CEVAP: Türkiye’nin işsizlik oranı 2011 yılı için %9,1’dir.
#3
SORU: Türkiye’de iş piyasasında istihdamın sektörlere göre dağılımına bakıldığında en fazla oranı hangi sektör almaktadır?
CEVAP: Dönem boyunca da sürekli artarak 2011 Ekim ayı itibarı ile 13,5 milyon kişi düzeyine ulaşmıştır. Hizmetler sektöründen sonra ise en çok iş gücü istihdam eden sektör ise Tarım sektörü olarak göze çarpmaktadır.
#4
SORU: Ekonomik açıdan nüfus ne anlam ifade etmektedir?

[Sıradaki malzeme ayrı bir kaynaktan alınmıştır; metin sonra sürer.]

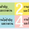 4 ช่อง คือ......1.สำคัญ - เร่งด่วน > ทำ...2.สำคัญ - ไม่เร่งด่วน > วางแผนให้ดี ตรงนี้จุดนี้สำคัญสุด เพราะเรามักจะไม่มีเวลาให้ช่องนี้ 3.ไม่สำคัญ - เร่งด่วน > พยายามให้คนอื่นทำแทน....4.ไม่สำคัญ - ไม่เร่งด่วน > พยายามกำจัดทิ้ง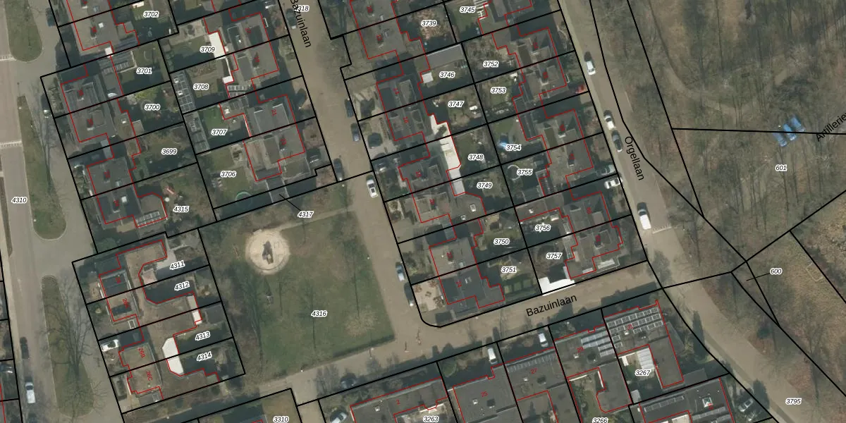 Het perceel waarop Bazuinlaan 20 staat heeft een oppervlakte van 298 m². Dit is een middelgroot perceel. De perceeloppervlakte wordt geregistreerd door het Kadaster. Gedetailleerde informatie over de maten van dit perceel kunt u vinden in het rapport Kadastrale kaart met maatvoering van Bazuinlaan 20.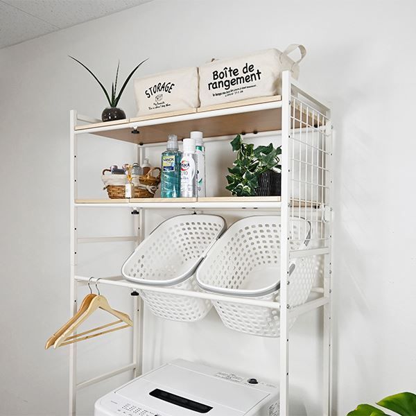 ●洗濯機周りの衣類や洗剤、タオルなどをスッキリ収納できて便利です。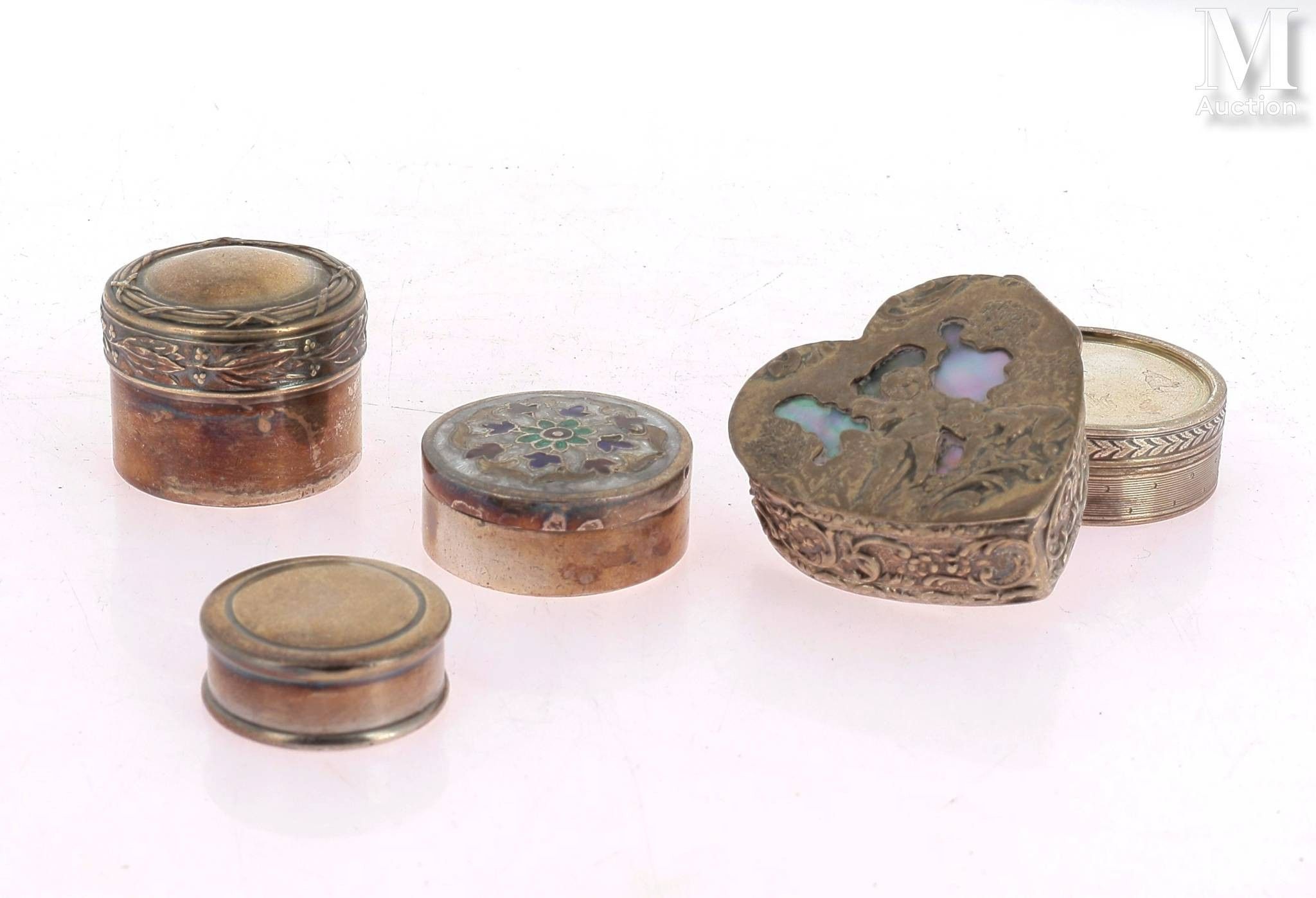 - An 800°° silver and mother-of-pearl box in the shape of a heart decorated with flowers and foliage. The lid features putti in front of a landscape.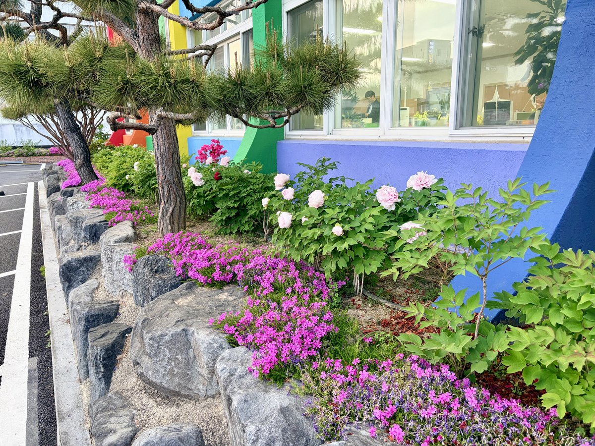 영산홍과 모란이 차례로 만개하며 화사한 봄의 정취를 완성하고 있으며 선명한 붉은빛과 분홍빛 꽃들은 행정복지센터 건물 외관과 자연스럽게 어우러져 한층 생동감 있는 분위기를 연출한다.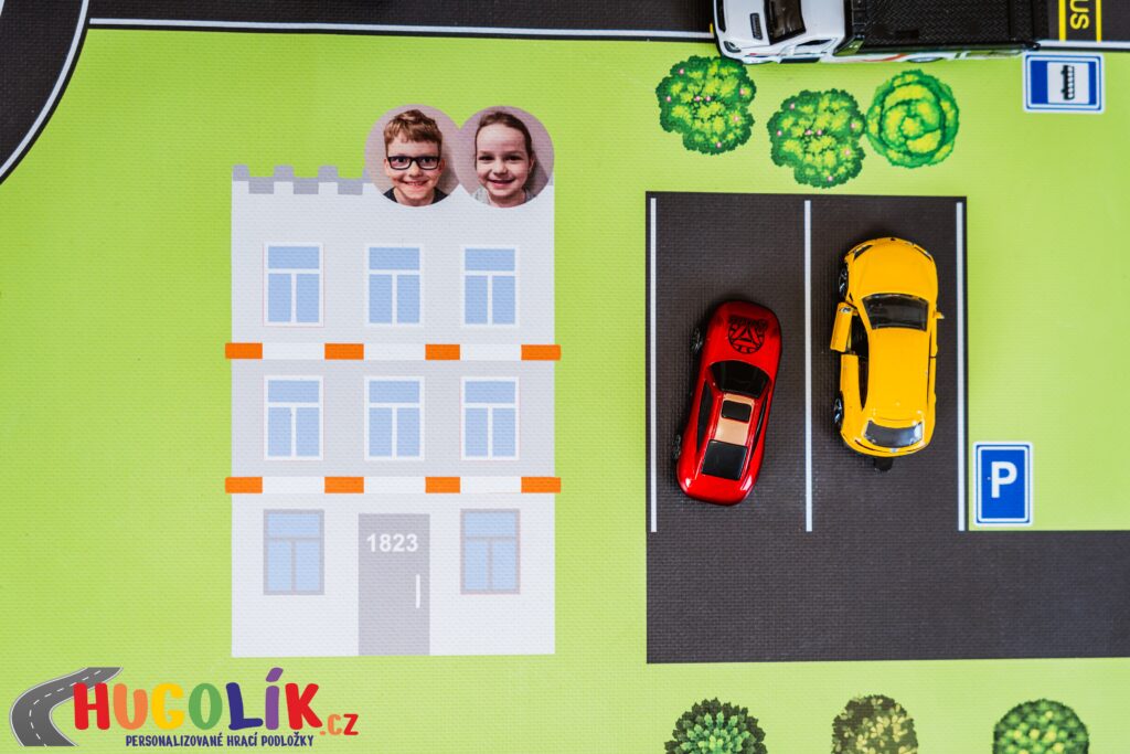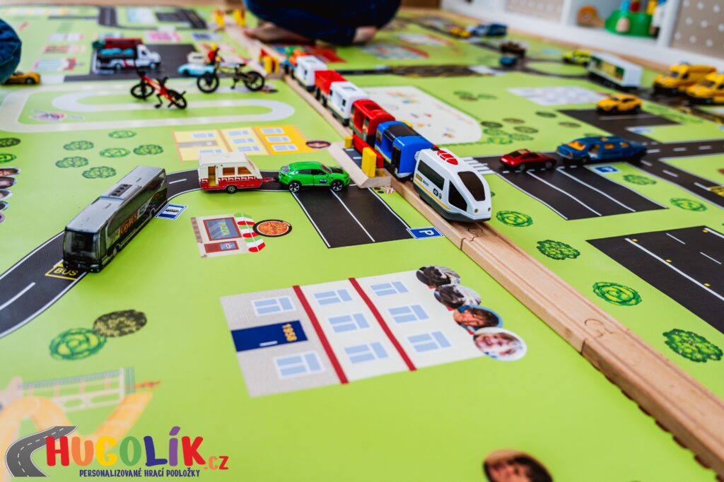 Na naší podložce můžete mít u jednotlivých domečků fotografie rodiny a kamarádů, tím dostane podložka osobní charakter a Vaše děti budou jezdit k jejich babičce, taťkovi nebo kamarádovi, kterého dobře znají.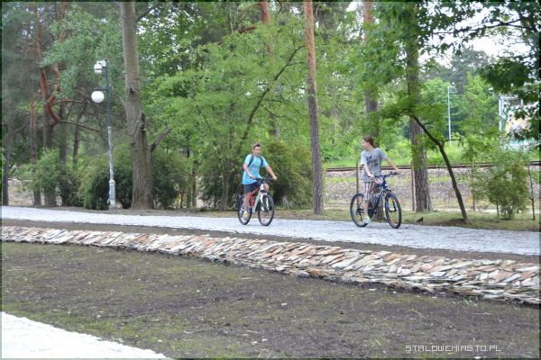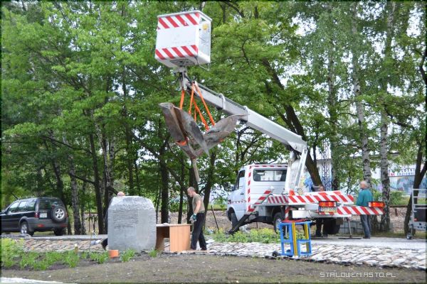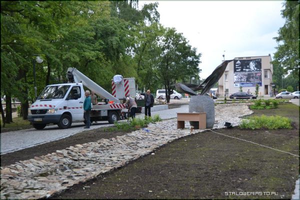 - Strumyk jest całkiem fajny, nie podoba mi się jednak ten kamienny deptak, z wózkiem to tu się jeździ okropnie, więc raczej niewiele osób z małymi dziećmi przyjedzie by im pokazać fontannę. Trochę też nie ma gdzie usiąść. Są niby jakieś kamienie, ale są tak duże, że zmieściłoby się na nich kilka, a może i kilkanaście osób, gdzie tu odrobina prywatności? Nie chcę żeby ktoś podsłuchiwał o czym rozmawiam z mężem– mówi młoda kobieta, która razem z maleńkim synkiem przyszła obejrzeć park.W środę 5 czerwca profesor Magdziak przywiózł drugą z rzeźb. Do postawienia jej potrzebny był podnośnik. Jak się dowiedzieliśmy, sama rzeźba waży ok. 200 kg, w środku jest pusta. Jej wysokość to 2,5 metra. Kamień, na którym zasiadają ptaki waży prawie pół tony. Profesor podjął decyzję, że rzeźba zostanie usadowiona na kamieniu już teraz, gdyż prace związane ze szlifowaniem granitu (aż do uzyskania kształtu jaja oraz ciemnego połysku) potrwają jeszcze do końca tygodnia. Zrobienie rzeźb zajęło rok. By uniknąć dewastacji rewitalizowanej przestrzeni, w parku pojawiły się kamery. Jedna z mieszkanek, z którą dziś rozmawialiśmy na temat zmian, jakie zaszły w tym miejscu wyraziła obawę, że wkrótce cały urok tego zakątka zniszczą gołębie. Przed rozpoczęciem prac przez park ciągnęła się alejka asfaltowa, a na niej przesiadywało ogromne stado gołębi, które regularnie dokarmiali mieszkańcy.

CEVAP: Nüfus bir ülkenin sahip olduğu insan sayısını ifade etmektedir. Ekonomik açıdan insan gücü olarak da nitelendirilebilecek bu kavram ülkenin üretim gücünün en önemli aktörüdür. Bunun yanı sıra bir ülkede nüfus miktarının yüksek olması talebin de yüksek olması demektir. İhracatçılar açısından yüksek nüfuslu ülkeler ticaretin yönlendirilmesinde tercih nedeni olabilmektedir. Talebin yüksek olması firmaların mal ve hizmetlerini daha yüksek miktarlarda satabilmeleri imkânını yaratmaktadır. İthalat açısından bakıldığında, yüksek nüfus ithalatın da artması demektir ki bu durum yine ülke karar vericilerinin plan, program ve politikalarını belirlerken göz önünde bulundurmaları gereken önemli bir konuyu ifade etmektedir. Bir ülke nüfusu ne kadar çok ise üretim gücü de o kadar yüksek olacaktır. Türkiye kuruluşundan bugüne kadar sürekli ve hızlı bir şekilde artan nüfusa sahiptir. Bugün nüfus açısından dünyanın en büyük ülkelerinden birisidir.
#5
SORU: 2011 yılında Türkiye nüfusu ne kadardır?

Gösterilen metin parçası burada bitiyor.